DATA EXCERPT:
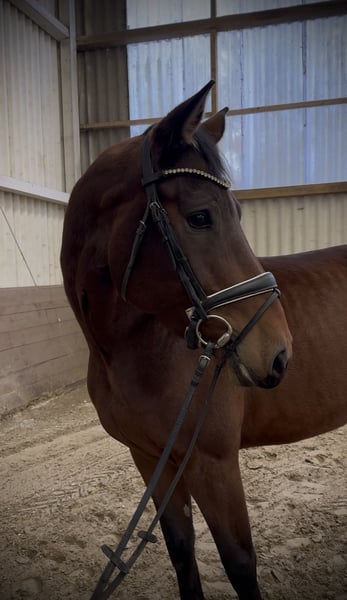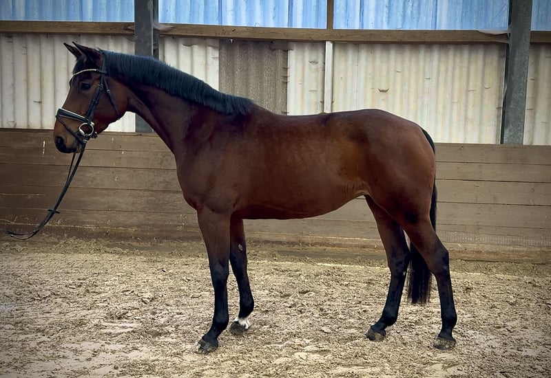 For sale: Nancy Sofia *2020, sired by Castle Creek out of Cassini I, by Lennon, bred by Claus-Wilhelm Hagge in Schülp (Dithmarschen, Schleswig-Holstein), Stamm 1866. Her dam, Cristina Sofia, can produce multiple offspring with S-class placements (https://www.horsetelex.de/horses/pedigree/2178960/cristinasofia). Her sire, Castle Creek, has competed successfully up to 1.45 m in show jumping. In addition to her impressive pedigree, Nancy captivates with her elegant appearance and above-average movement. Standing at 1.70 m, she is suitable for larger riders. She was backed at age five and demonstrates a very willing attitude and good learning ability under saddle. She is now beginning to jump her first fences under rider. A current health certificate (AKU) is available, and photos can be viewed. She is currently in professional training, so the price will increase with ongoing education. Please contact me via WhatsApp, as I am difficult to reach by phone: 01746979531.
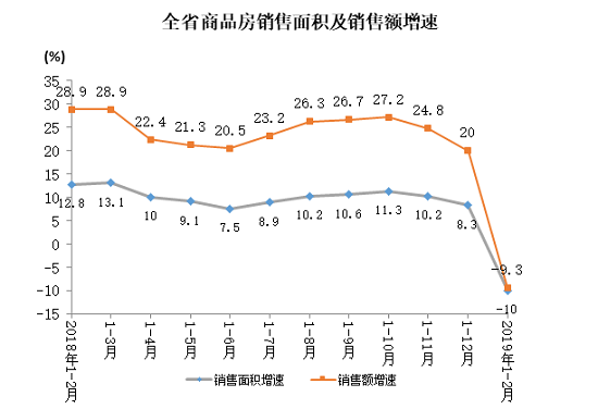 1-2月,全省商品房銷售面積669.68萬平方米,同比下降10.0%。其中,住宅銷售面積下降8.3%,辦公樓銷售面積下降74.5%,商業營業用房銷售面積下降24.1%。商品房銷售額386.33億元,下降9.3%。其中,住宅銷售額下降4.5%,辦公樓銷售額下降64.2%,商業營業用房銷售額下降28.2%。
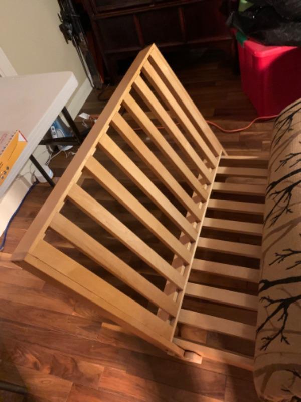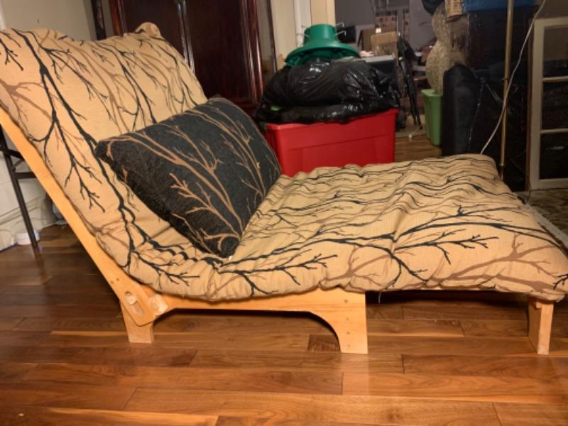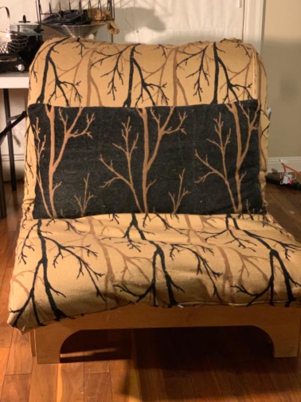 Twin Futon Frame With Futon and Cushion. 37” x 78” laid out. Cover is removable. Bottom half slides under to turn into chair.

TRY IT: Give every line of the data above again as it stands; the pictures stay out.

EXERCISE RESPONSE:
 For sale: Nancy Sofia *2020, sired by Castle Creek out of Cassini I, by Lennon, bred by Claus-Wilhelm Hagge in Schülp (Dithmarschen, Schleswig-Holstein), Stamm 1866. Her dam, Cristina Sofia, can produce multiple offspring with S-class placements (https://www.horsetelex.de/horses/pedigree/2178960/cristinasofia). Her sire, Castle Creek, has competed successfully up to 1.45 m in show jumping. In addition to her impressive pedigree, Nancy captivates with her elegant appearance and above-average movement. Standing at 1.70 m, she is suitable for larger riders. She was backed at age five and demonstrates a very willing attitude and good learning ability under saddle. She is now beginning to jump her first fences under rider. A current health certificate (AKU) is available, and photos can be viewed. She is currently in professional training, so the price will increase with ongoing education. Please contact me via WhatsApp, as I am difficult to reach by phone: 01746979531.
 1-2月,全省商品房銷售面積669.68萬平方米,同比下降10.0%。其中,住宅銷售面積下降8.3%,辦公樓銷售面積下降74.5%,商業營業用房銷售面積下降24.1%。商品房銷售額386.33億元,下降9.3%。其中,住宅銷售額下降4.5%,辦公樓銷售額下降64.2%,商業營業用房銷售額下降28.2%。
 Twin Futon Frame With Futon and Cushion. 37” x 78” laid out. Cover is removable. Bottom half slides under to turn into chair.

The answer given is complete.